◆ TASK BRIEF
Only the lines from the one that contains "Այս լուսանկարը առրվել" through the last line of the data below should be duplicated, exactly and without pictures.
╭─ COLLECTED MATERIAL
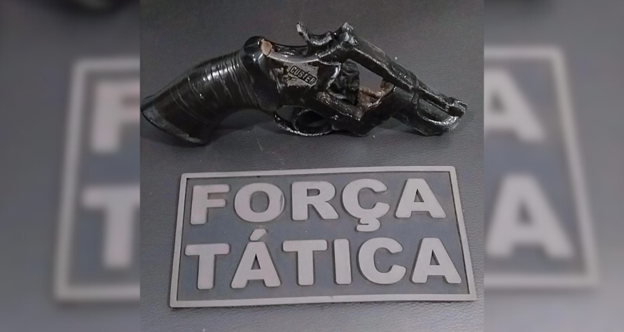 Ao chegar ao endereço indicado, policiais da Força Tática localizaram o suspeito e procederam à abordagem. Durante a busca pessoal, os militares encontraram na cintura do indivíduo um revólver calibre .22, da marca Custer, sem munições, com numeração raspada e em péssimo estado de conservação. O suspeito possui diversas passagens policiais anteriores, incluindo furtos, roubos e tráfico de drogas.
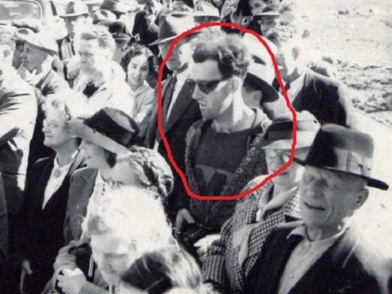 Այս լուսանկարը առրվել է 1941 թվականաին՝ Կանադայում։ Առաջին հայացքից այս նկարի հետ ամեն ինչ կարգին է, սակայն ավելի ուշադիր զննելով կարելի է նկատել մի տղամարդու, ով կրում է մեր ժամանակների մոդային համապատասխանող հագուստ։ Նրա ձեռքին կա մոդերն տեսախցիկ իսկ նրա ակնոցները արտադրվել են լուսանկարի կատարվելում 10 –նյակ տարիներ հետո։
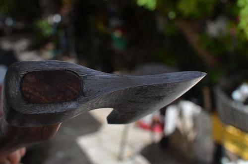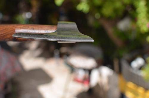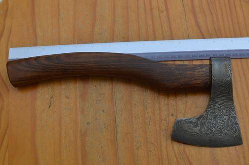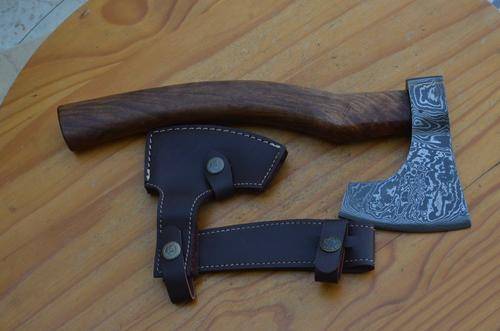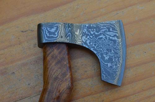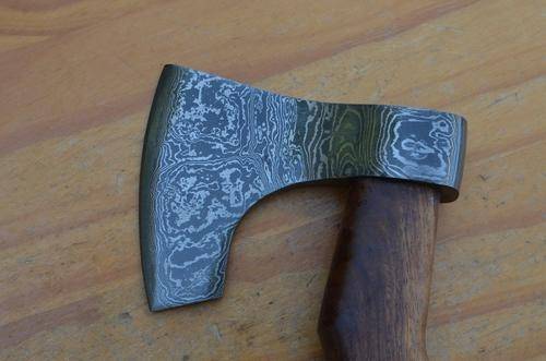 Blade of the axe is hand forged with above 300 Layers of 1095 and15N20 high carbon tool steels, with nickel layer.Extreme heat treatment has been applied to achieve a tempered steel level of 56 to 57 HRC .The axe handle is made of Walnut Wood.
╰─
◆ SOLUTION TO THIS TASK
 Այս լուսանկարը առրվել է 1941 թվականաին՝ Կանադայում։ Առաջին հայացքից այս նկարի հետ ամեն ինչ կարգին է, սակայն ավելի ուշադիր զննելով կարելի է նկատել մի տղամարդու, ով կրում է մեր ժամանակների մոդային համապատասխանող հագուստ։ Նրա ձեռքին կա մոդերն տեսախցիկ իսկ նրա ակնոցները արտադրվել են լուսանկարի կատարվելում 10 –նյակ տարիներ հետո։
 Blade of the axe is hand forged with above 300 Layers of 1095 and15N20 high carbon tool steels, with nickel layer.Extreme heat treatment has been applied to achieve a tempered steel level of 56 to 57 HRC .The axe handle is made of Walnut Wood.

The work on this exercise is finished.